There is something to be said about Fletcher being slow on the draw, though his first offseason he brought in Kevin Hayes, Matt Niskanen and Justin Braun, who were all key pieces during 2019-20. His lackluster 2020 trade deadline and offseason potentially set them up for failure during the shortened 2021 campaign, but he tried his best during the 2021 offseason to turn the ship around. His moves were all individually good, the biggest roster overhaul the Flyers had since the summer of 2007, but an ungodly amount of injuries stopped any progress the team had dead in its tracks. His attempt to salvage the roster assembled by his predecessor has failed.

Which leads us to Ron Hextall. The now-famous snake oil salesman who convinced everyone German Rubtsov would be the hero the franchise has been waiting for, the former GM spearheaded the current struggles the team is facing. He put the brakes on any momentum the team had in the years following their Cup run in 2010 and filled the fanbase with the delusion that if you just believed in his “process” that one day decades later things would magically fall into place. That led to years of sub-par drafting and main roster mismanagement that went unchecked by fans and front office members alike. While it was ultimately his behind-the-scenes insanity that cost him his job, he left behind a crop of underwhelming prospects and an aging core that was no longer in their primes.
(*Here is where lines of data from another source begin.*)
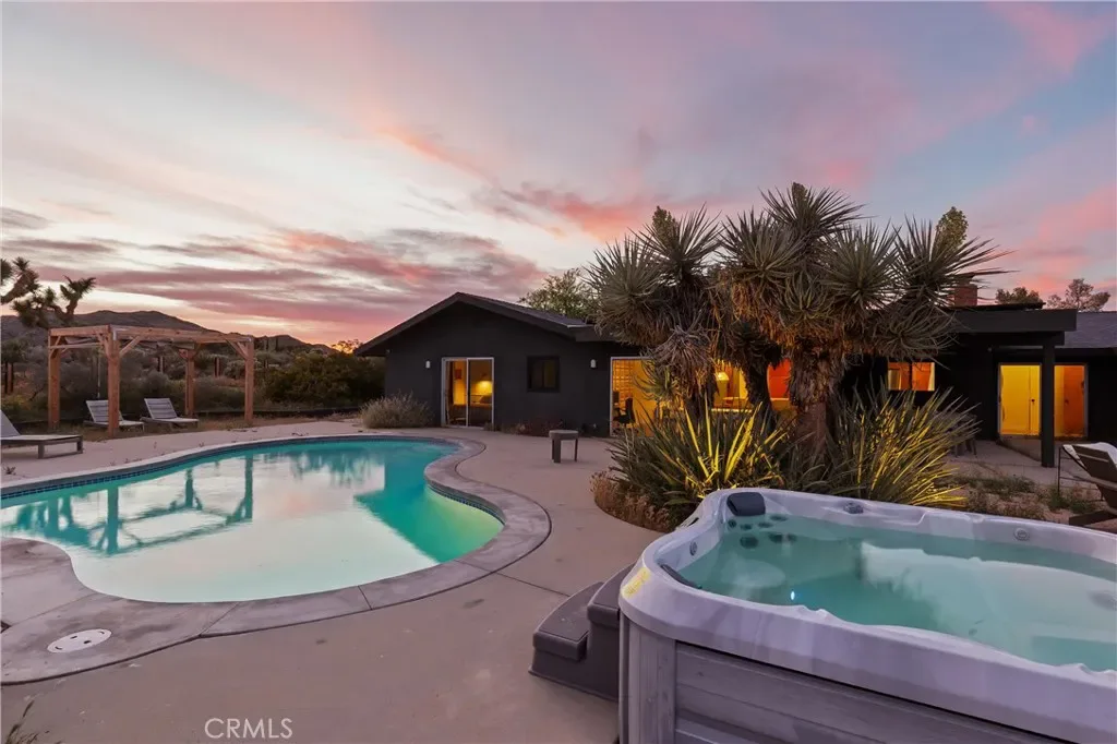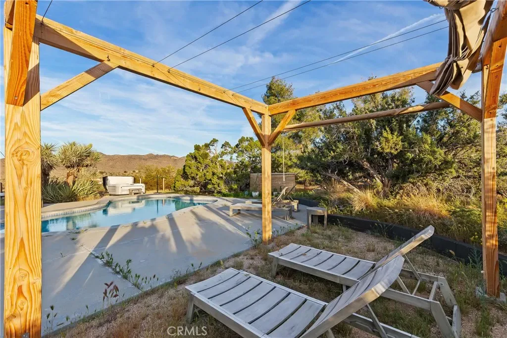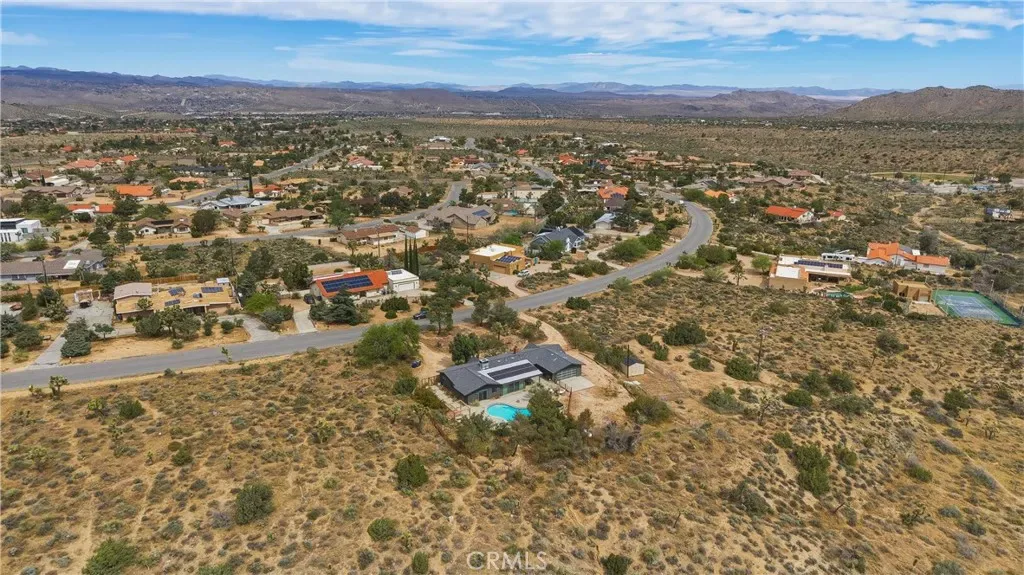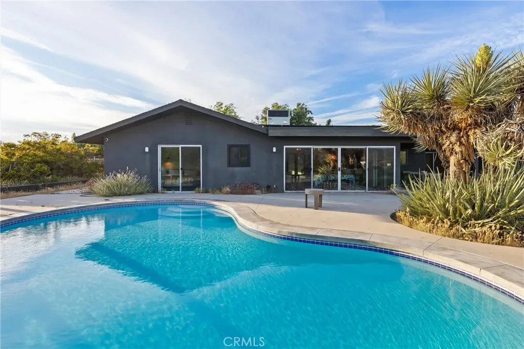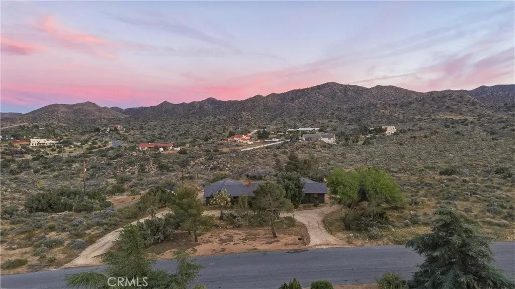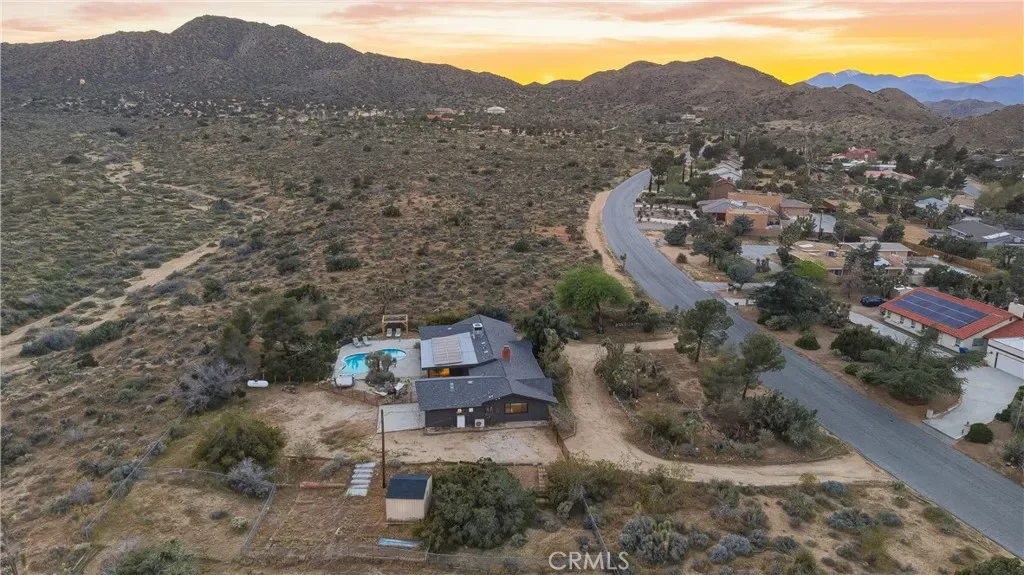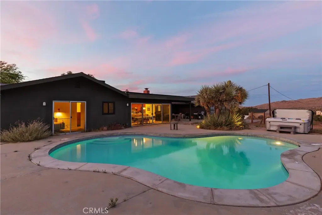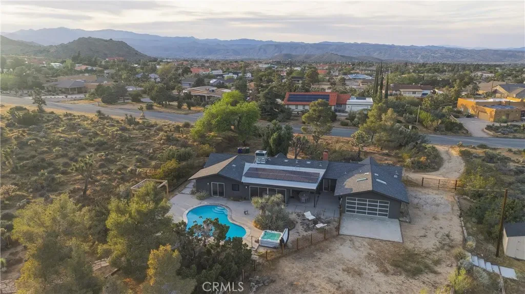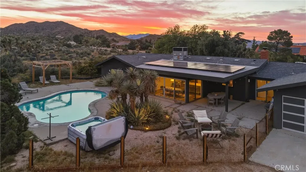 Set on 1.65 acres with unobstructed views toward Joshua Tree National Park, this thoughtfully updated ranch home offers privacy, comfort, and an easy connection to the surrounding desert. Clean, tasteful updates complement the home’s original character, including a handmade vintage rock fireplace that anchors the main living space. The spacious kitchen features rich hardwood cabinetry, generous storage, and room to cook, gather, and entertain. The layout includes three bedrooms, two and a half bathrooms, a separate office, an oversized bonus room currently used as a private screening room, and an attached finished studio that could also serve as a workshop or high-finish garage. An owned solar system adds long-term value, and every day efficiency. Outside, mature desert landscaping, sculptural cactus, and established trees create a beautifully grounded setting. The pool and spa sit beneath open skies, while the open land beyond and trail access just past the back gate give the property a rare sense of space and privacy. Set in a great location with easy access to town, the national park, and the best of the area, this is a home that works beautifully as a full-time residence, second home, or standout short-term rental.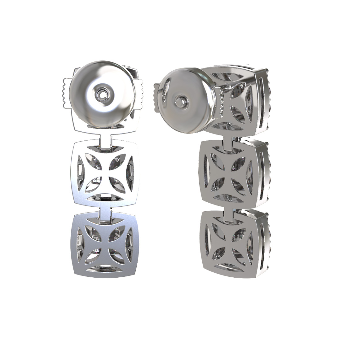 Эти серьги — идеальный выбор для ценителей статусного минимализма. Лаконичная, но выразительная композиция позволяет носить украшение как с вечерними нарядами, так и с элегантными повседневными комплектами. Благодаря своей универсальности, модель подходит как для женщин, так и для мужчин, предпочитающих качественные ювелирные изделия с акцентным дизайном. Качественное белое золото служит надежной оправой, подчеркивая чистоту и холодный блеск каждой вставки.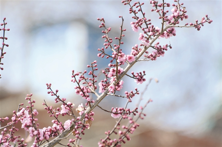 公園里粉嫩剔透的桃花。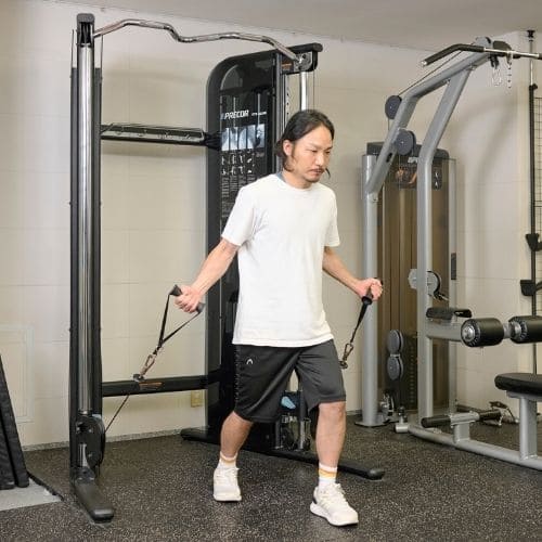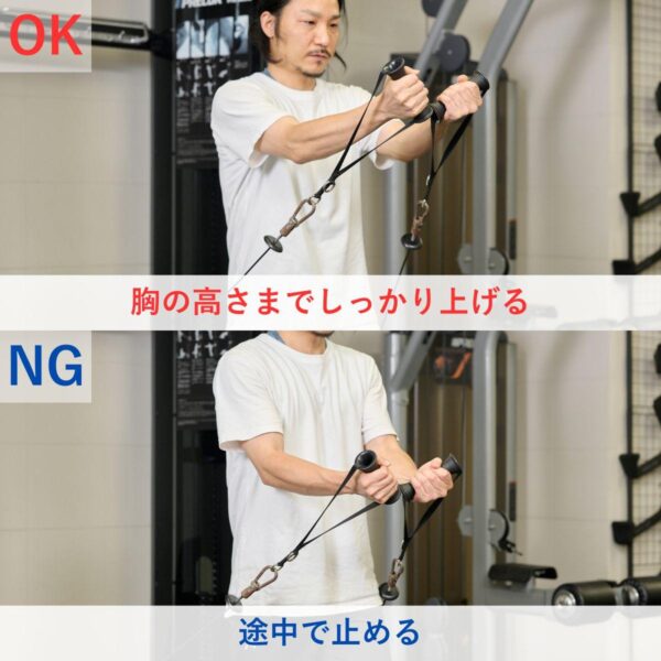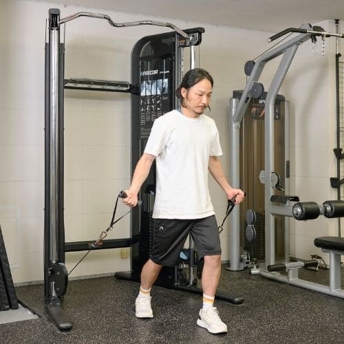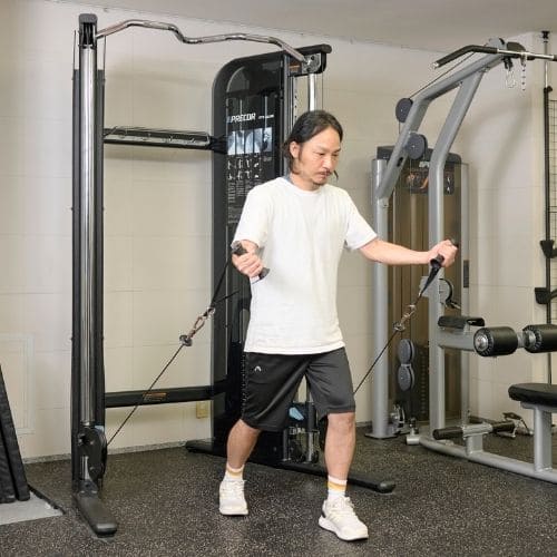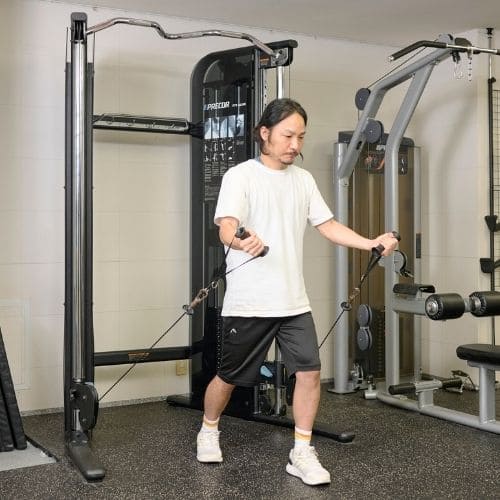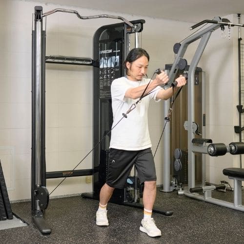 プーリーを低くすると上向きに引く意識が強くなりますが、回数が進むほど肩がすくみやすく、狙いが三角筋に流れやすいと感じました。左右の張力差があると軌道がブレて、フィニッシュで胸の中央に集める感覚を失いやすかったです。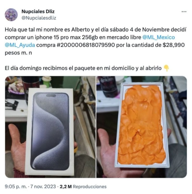 Compró un iPhone 15 Pro Max y le llegó una caja de plastilina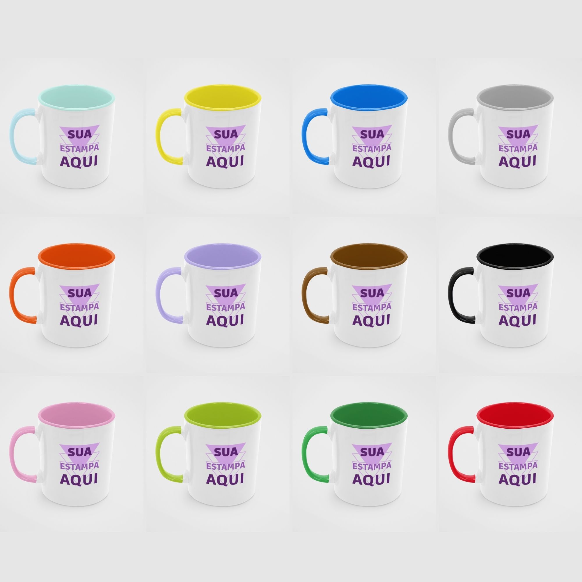 Caneca Cerâmica Personalizada Alça e Interior Colorido 325mL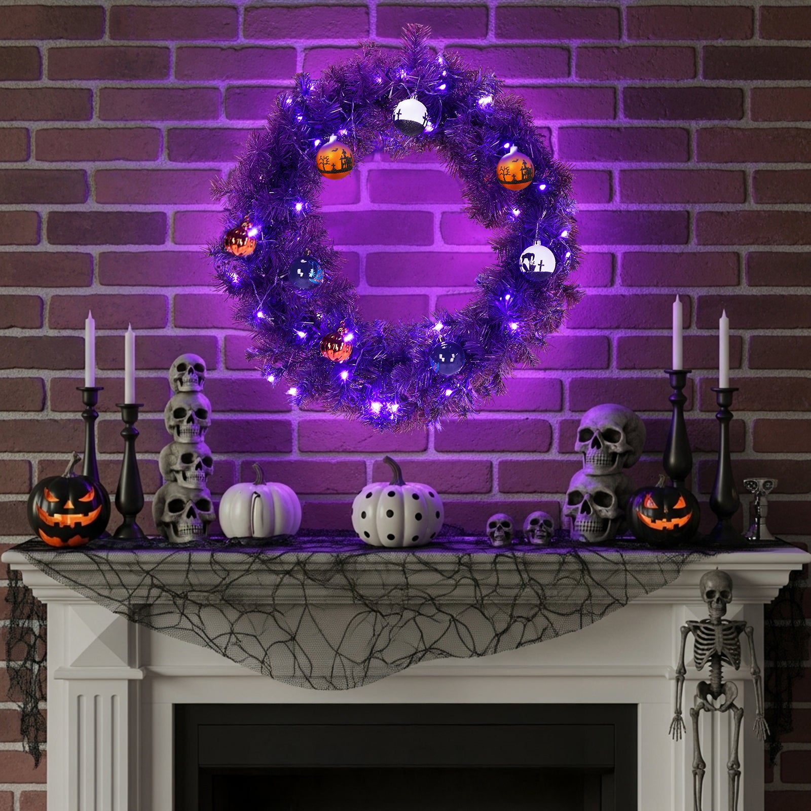 Add a festive twist to your seasonal decor with this 24-inch Halloween-themed Christmas wreath. Featuring a vibrant purple base and 50 glowing LED lights in eerie purple and orange tones, this pre-lit wreath brings a unique, spooky charm to your home. With 100 lifelike PVC branch tips and included DIY ball ornaments, it's perfect for crafting a one-of-a-kind holiday display with the whole family. The cordless, battery-powered design makes it easy to hang anywhere—from front doors and gates to interior walls and windows—without the hassle of outlets or tangled cords. Built from durable, flame-retardant materials, this wreath is made to light up your celebrations for years to come.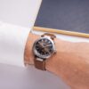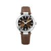 Mais ce qui distingue cette version, c’est son cadran brun chaud à l’effet soleillé, une teinte rare dans l’univers horloger masculin. Ce choix audacieux insuffle une dimension chaleureuse et contemporaine à une montre aux lignes marines affirmées. L’affichage date à 3 h vient rythmer la composition avec précision.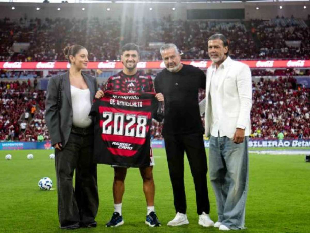 O Flamengo celebrou o novo contrato de Giorgian de Arrascaeta neste domingo (9/11), em cerimônia realizada no gramado do Maracanã, pouco tempo antes do aquecimento para o duelo contra o Santos, pela 32ª do Brasileirão. Acompanhado da família, Arrasca recebeu uma camisa do Fla com o número 2028, que faz alusão ao ano de término de seu novo vínculo com a equipe onde é ídolo, e um mini manto para o seu filho, pois a sua esposa Camilla Bastiani está grávida de quase oito meses. A entrega foi realizada através do diretor de futebol do clube, José Boto.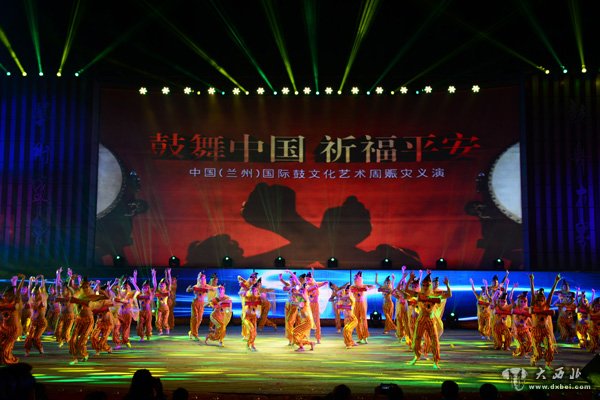 中国(兰州)国际鼓文化艺术周赈灾义演鼓舞。 贾笑云 摄

There’s always a finger remaining to point at ownership, and it’s easy to guess which finger most fans would use to point at Dave Scott. Scott, who has been at the head of the Comcast Spectacor table since Ed Snider’s passing in April 2016, is the man at the top of the food chain in Flyerland. Under his watch the team has turned from a family friendly, welcoming winning environment into a cold, corporate-run business entity whose questionable dealings have frayed a once strong bond between organization and fans. Not to mention he seems to have a close hand in the day-to-day hockey operations as well, put on display when he ultimately had the final say when it came to firing Alain Vigneault in December.

The current state of the Philadelphia Flyers is not one man’s fault, but rather the result of a decade of failures and incompetence from the full cast of characters. Paul Holmgren tried his best to salvage the Cup team he composed in the early 2010’s, but ultimately did more harm than good. Ron Hextall’s process was a miserable failure, not only failing to build a new foundation for the team, but letting the pillars established by his predecessor disintegrate. Chuck Fletcher tried his best to save the old core and try to win a Cup in the Giroux-Couturier era, but it just wasn’t enough. Dave Scott is responsible for killing the culture of the fanbase and letting a once-proud organization devolve into the laughing stock of the city.

The team didn’t get into this mess overnight, and they won’t get out of this mess overnight either. It’s going to take months of not years to build up the trust of the fans once again, and that’s done through rebuilding the on-ice product and putting a worthwhile experience together off the ice. Right now, that responsibility falls on the shoulders of Dave Scott and Chuck Fletcher and considering how they’ve done so far, the light at the end of the tunnel still seems bleak and very far in the distance.